- [Supplied data]:
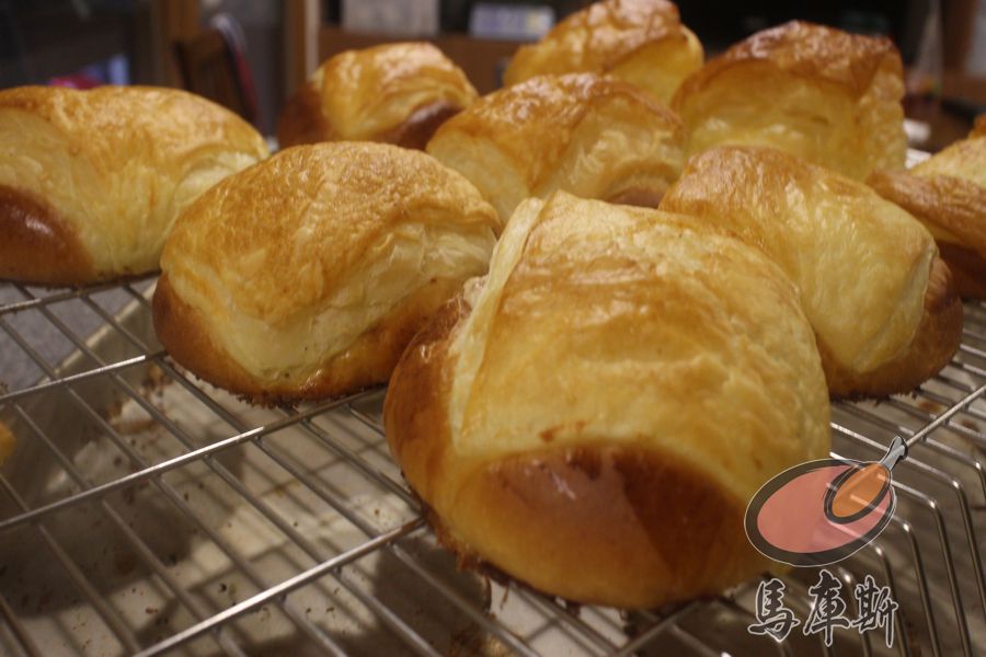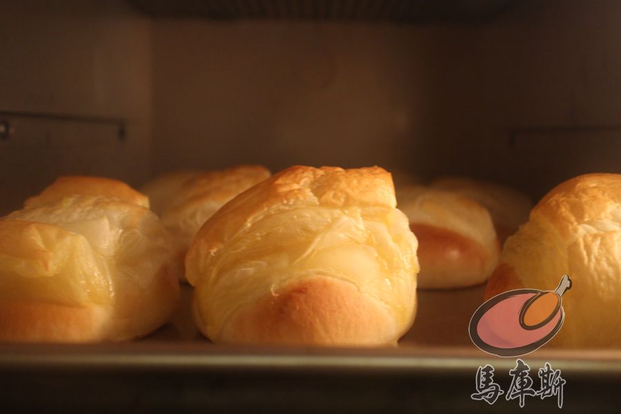 一般來說,在進爐之前,必須讓其解凍及鬆弛,否則會發生縮小及油漏的現象。烤爐必須設定為高溫環境,同時最好能在入爐後噴上蒸汽來防止表皮過於乾燥燒焦以至於形成硬皮阻礙膨脹的現象。上火大下火小的設定模式。約是 175 ~ 230 °C 的方式去設定。烤前可以放張不粘的烘烤紙張在產品上以求平均高度,同時,在不繼續膨脹取出烘烤紙後,可以用下降溫度到 175°C 的方式烘烤到你要的顏色。
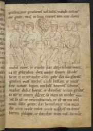 Keywords: Pfaffe Konrad - Rolandslied - cod. pal. germ. 112 - 053.jpg Pfaffe Konrad - Rolandslied - cod pal germ 112 - jpg 052 054 Beratung und Verschwörung Geneluns mit den Heiden unter einem Ölbaum Rolandslied des Pfaffen Konrad à bersetzung bzw Bearbeitung der altfranzösischen Chanson de Roland um 1100 Blatt 26r Pfaffe Konrad Rolandslied Pergament 123 Blatt 21x15 cm Regensburg/Hessen-Thüringen Ende 12 Jahrhundert Cod pal germ 112 Universitätsbibliothek Heidelberg http //diglit ub uni-heidelberg de/diglit/cpg112 century 12 Pfaffe Konrad PD-old Rolandslied Cod Pal germ 112 |
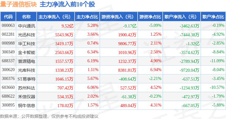 从资金流向上来看,当日量子通信板块主力资金净流出6.75亿元,游资资金净流出3954.76万元,散户资金净流入7.15亿元。量子通信板块个股资金流向见下表:
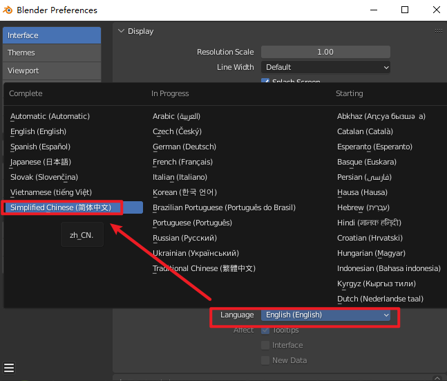 5.点击“Languege”选择“简体中文”
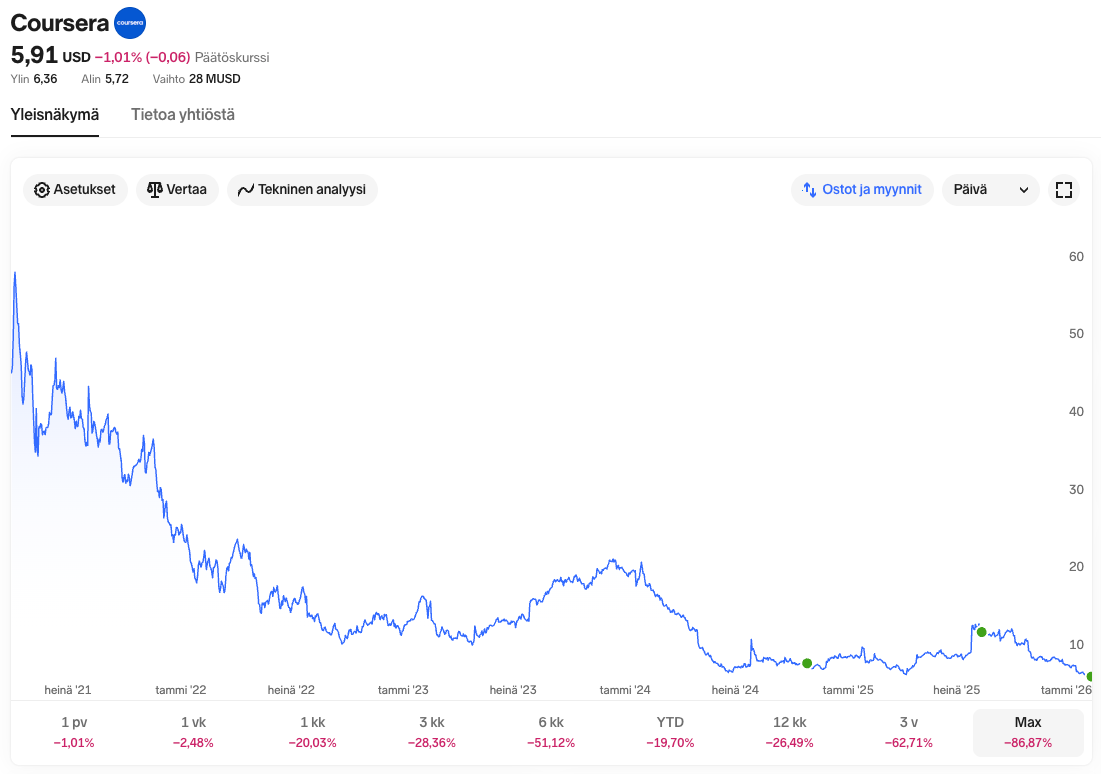 Portfolio moves in a market that feels expensive but not yet stupid. Coursera, ServiceNow, Bitcoin, and a Finnish small-cap nobody cares about.
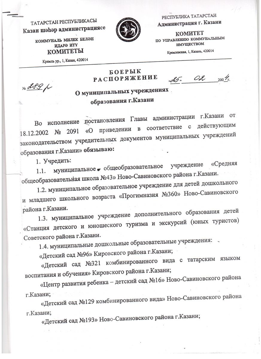 Распоряжение об учреждении образовательного учреждения: 1 2 3
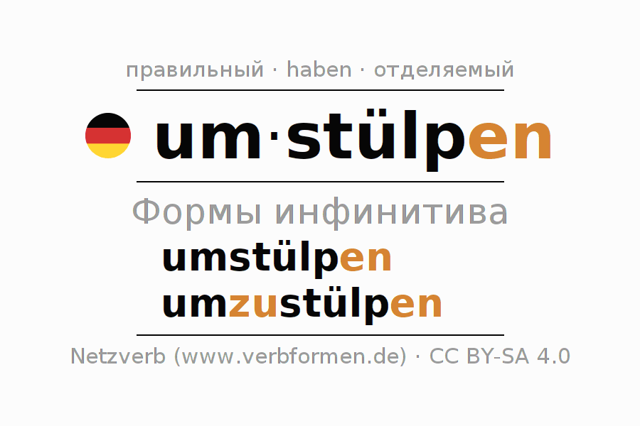 Этот глагол umstülpen полностью спрягается во всех лицах и числах Инфинитив Презенс Перфект.
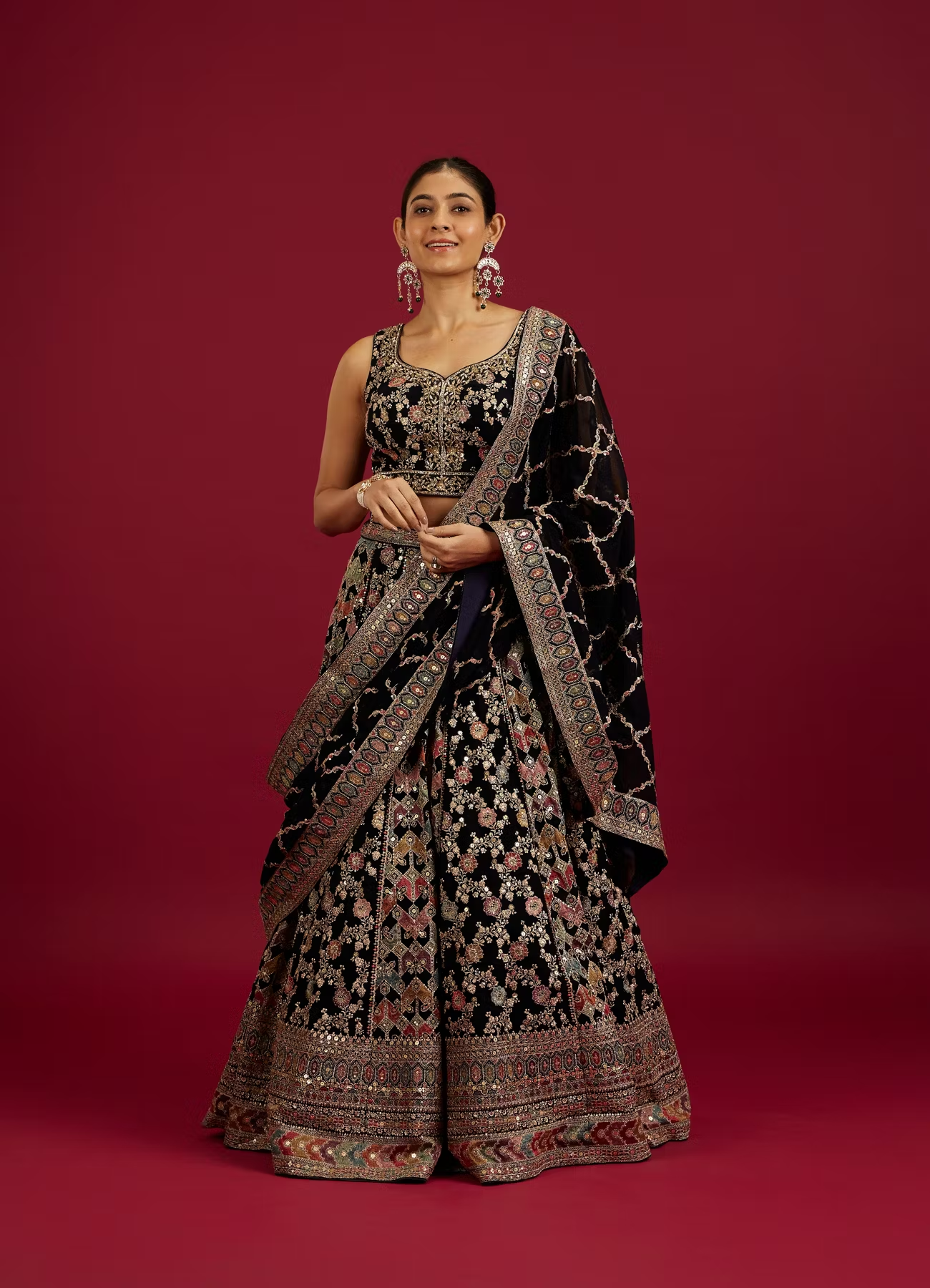 - DescriptionThis indigo blue jaal embroidered crop top lehenga is a stunning blend of intricate craftsmanship and modern elegance. The rich jaal embroidery, paired with shimmering sequin work, creates a captivating design that exudes luxury. The deep indigo hue adds a regal touch, making it perfect for weddings or festive celebrations. Pair it with statement gold jewelry and a sleek bun for a graceful, yet bold look that will leave a lasting impression.
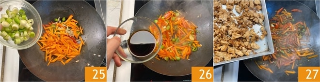 die Frühlingszwiebel 25 und braten Sie das Gemüse unter häufigem Schwenken für 7 Minuten. Würzen Sie mit Sojasauce 26 und rühren Sie weiter. Fügen Sie das Huhn zum Gemüse hinzu 27,
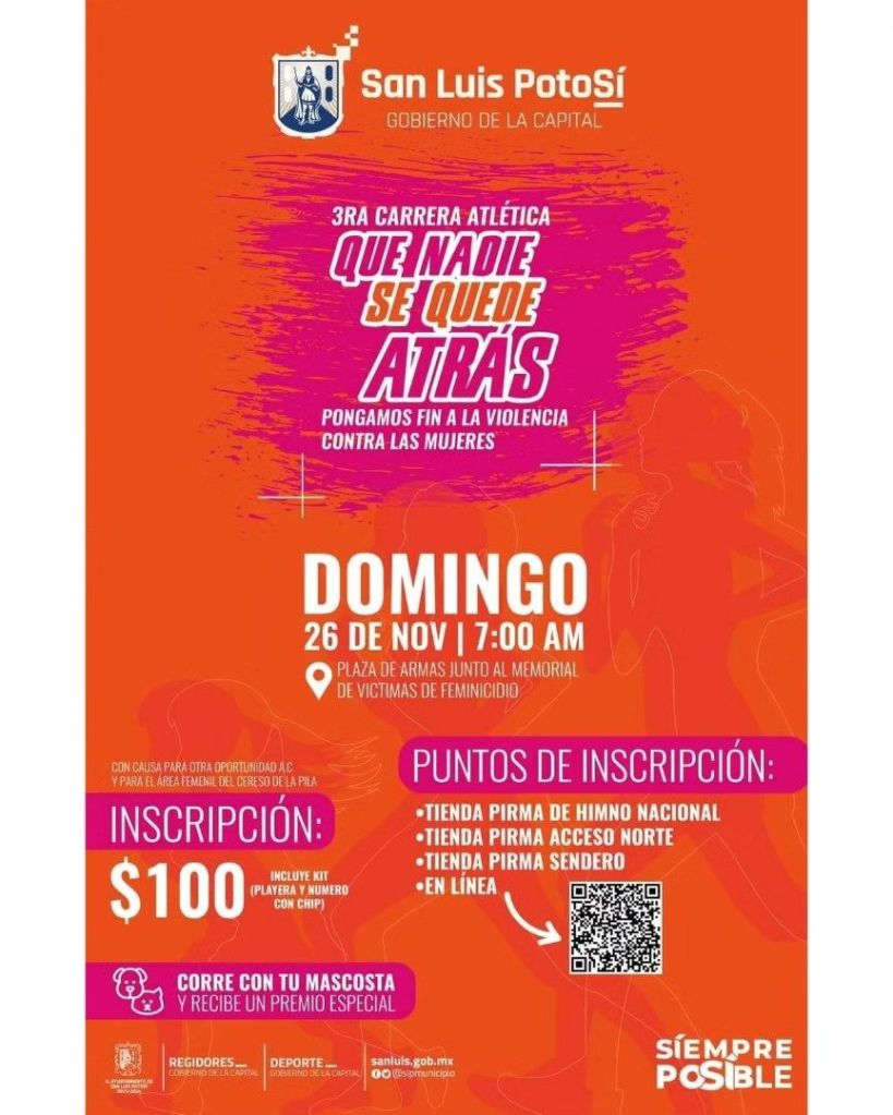 El Ayuntamiento de San Luis Potosí reafirmó que se mantiene abierta la convocatoria para la Carrera Atlética “Que nadie se quede atrás, pongamos fin a la violencia contra las Mujeres”, que se realizará el próximo domingo 26 de noviembre, teniendo como salida y meta, el Memorial para las Víctimas de feminicidio en Plaza de Armas.
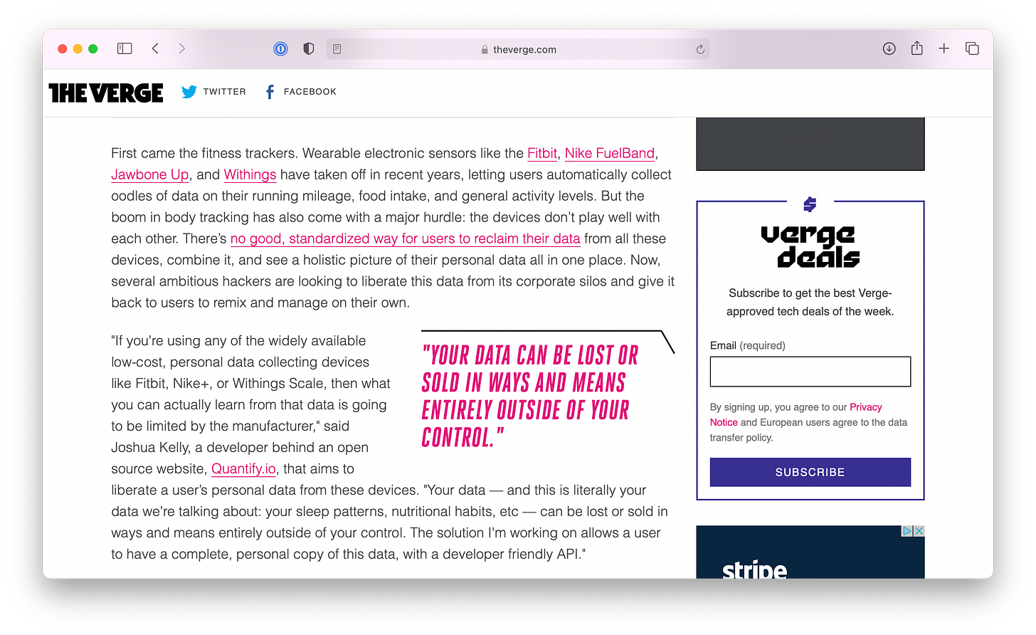 The boundary between traditional kinds of self-surveillance in personal health like sleep schedule tracking and institutional health records is going to collapse. Patient access and the ability to own your medical history will radically change the delivery of healthcare (on a long enough timeline — the only one worth working on).
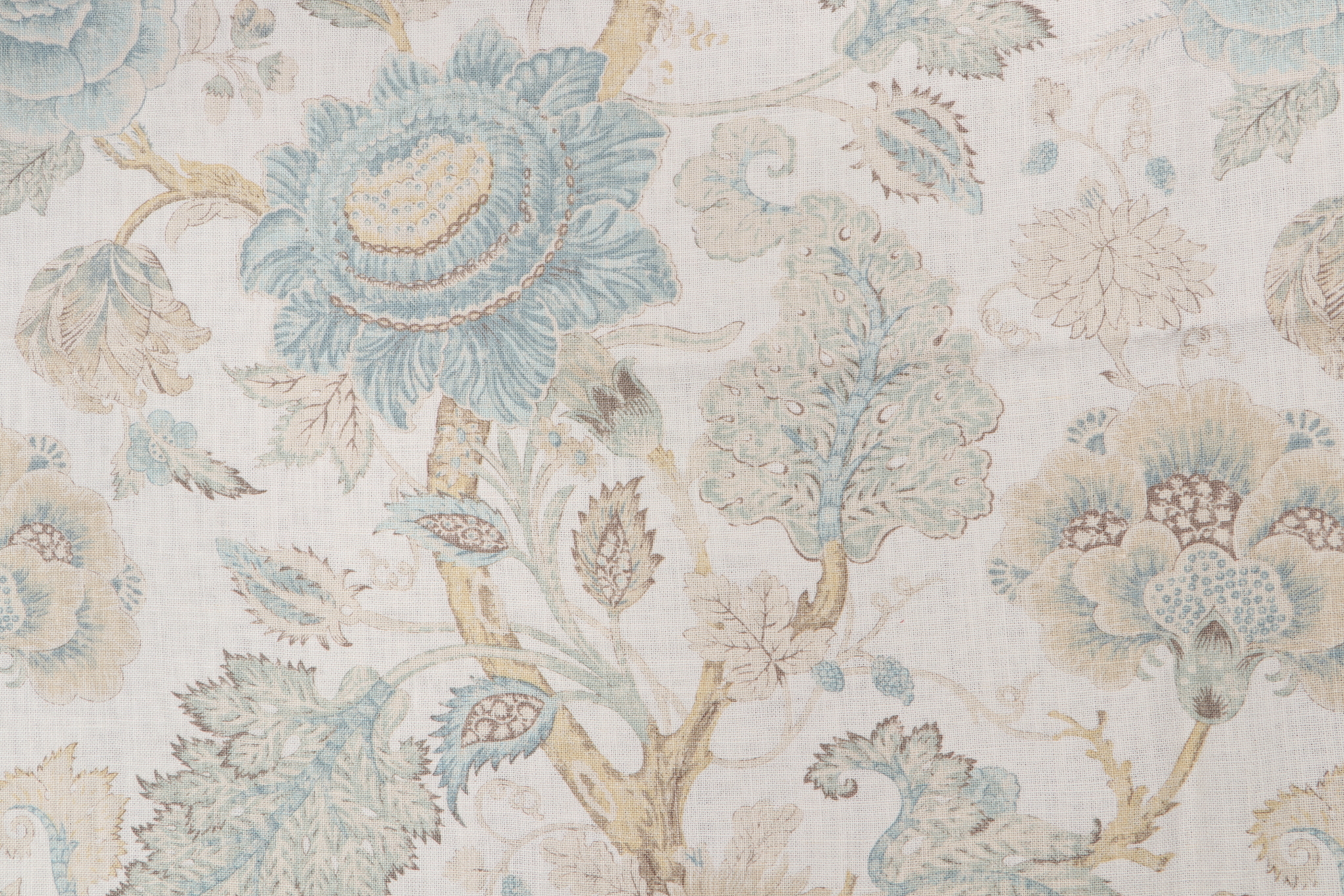 Available now: .5 yards of Acquitaine Porada, a versatile printed linen drapery fabric for your project. This fabric is suitable for short curtains, decorative tiebacks, or smaller window treatments. Note: If you are unsure about the suitability of this fabric for your specific use case please contact us prior to ordering.
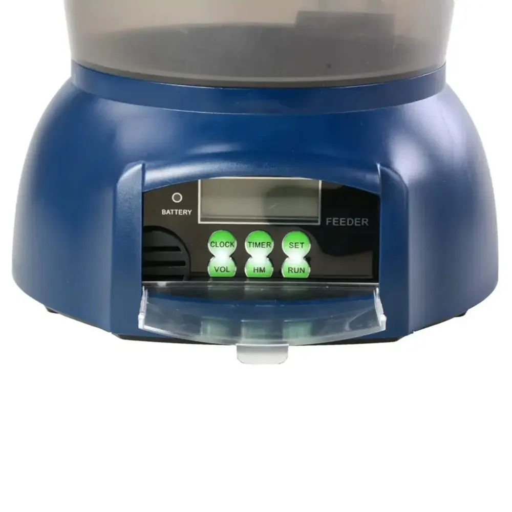 Krmítko disponuje přehledným LED displejem, který zobrazuje aktuální čas i parametry krmení. Indikátor slabé baterie vás včas upozorní na potřebu výměny baterií. Napájení je možné buď přes 4 baterie typu C (nejsou součástí balení) nebo pomocí dodávaného 12 V transformátoru.
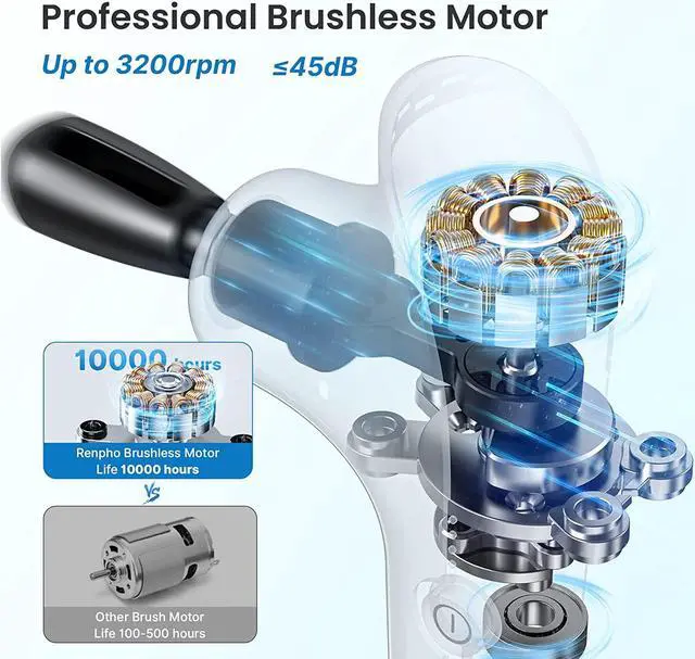 Low noise: With a low noise brushless motor, the handheld massager gun works on less than 45 dB. A super quiet portable massage gun for women or office man to help relax muscles and relieve pain from prolonged sitting. You can enjoy relaxation time in quiet.

- [Your objective]: All of the records above should be returned exactly, though the pictures should not.

- [Expected answer]:
 一般來說,在進爐之前,必須讓其解凍及鬆弛,否則會發生縮小及油漏的現象。烤爐必須設定為高溫環境,同時最好能在入爐後噴上蒸汽來防止表皮過於乾燥燒焦以至於形成硬皮阻礙膨脹的現象。上火大下火小的設定模式。約是 175 ~ 230 °C 的方式去設定。烤前可以放張不粘的烘烤紙張在產品上以求平均高度,同時,在不繼續膨脹取出烘烤紙後,可以用下降溫度到 175°C 的方式烘烤到你要的顏色。
 Keywords: Pfaffe Konrad - Rolandslied - cod. pal. germ. 112 - 053.jpg Pfaffe Konrad - Rolandslied - cod pal germ 112 - jpg 052 054 Beratung und Verschwörung Geneluns mit den Heiden unter einem Ölbaum Rolandslied des Pfaffen Konrad à bersetzung bzw Bearbeitung der altfranzösischen Chanson de Roland um 1100 Blatt 26r Pfaffe Konrad Rolandslied Pergament 123 Blatt 21x15 cm Regensburg/Hessen-Thüringen Ende 12 Jahrhundert Cod pal germ 112 Universitätsbibliothek Heidelberg http //diglit ub uni-heidelberg de/diglit/cpg112 century 12 Pfaffe Konrad PD-old Rolandslied Cod Pal germ 112 |
 从资金流向上来看,当日量子通信板块主力资金净流出6.75亿元,游资资金净流出3954.76万元,散户资金净流入7.15亿元。量子通信板块个股资金流向见下表:
 5.点击“Languege”选择“简体中文”
 Portfolio moves in a market that feels expensive but not yet stupid. Coursera, ServiceNow, Bitcoin, and a Finnish small-cap nobody cares about.
 Распоряжение об учреждении образовательного учреждения: 1 2 3
 Этот глагол umstülpen полностью спрягается во всех лицах и числах Инфинитив Презенс Перфект.
 - DescriptionThis indigo blue jaal embroidered crop top lehenga is a stunning blend of intricate craftsmanship and modern elegance. The rich jaal embroidery, paired with shimmering sequin work, creates a captivating design that exudes luxury. The deep indigo hue adds a regal touch, making it perfect for weddings or festive celebrations. Pair it with statement gold jewelry and a sleek bun for a graceful, yet bold look that will leave a lasting impression.
 die Frühlingszwiebel 25 und braten Sie das Gemüse unter häufigem Schwenken für 7 Minuten. Würzen Sie mit Sojasauce 26 und rühren Sie weiter. Fügen Sie das Huhn zum Gemüse hinzu 27,
 El Ayuntamiento de San Luis Potosí reafirmó que se mantiene abierta la convocatoria para la Carrera Atlética “Que nadie se quede atrás, pongamos fin a la violencia contra las Mujeres”, que se realizará el próximo domingo 26 de noviembre, teniendo como salida y meta, el Memorial para las Víctimas de feminicidio en Plaza de Armas.
 The boundary between traditional kinds of self-surveillance in personal health like sleep schedule tracking and institutional health records is going to collapse. Patient access and the ability to own your medical history will radically change the delivery of healthcare (on a long enough timeline — the only one worth working on).
 Available now: .5 yards of Acquitaine Porada, a versatile printed linen drapery fabric for your project. This fabric is suitable for short curtains, decorative tiebacks, or smaller window treatments. Note: If you are unsure about the suitability of this fabric for your specific use case please contact us prior to ordering.
 Krmítko disponuje přehledným LED displejem, který zobrazuje aktuální čas i parametry krmení. Indikátor slabé baterie vás včas upozorní na potřebu výměny baterií. Napájení je možné buď přes 4 baterie typu C (nejsou součástí balení) nebo pomocí dodávaného 12 V transformátoru.
 Low noise: With a low noise brushless motor, the handheld massager gun works on less than 45 dB. A super quiet portable massage gun for women or office man to help relax muscles and relieve pain from prolonged sitting. You can enjoy relaxation time in quiet.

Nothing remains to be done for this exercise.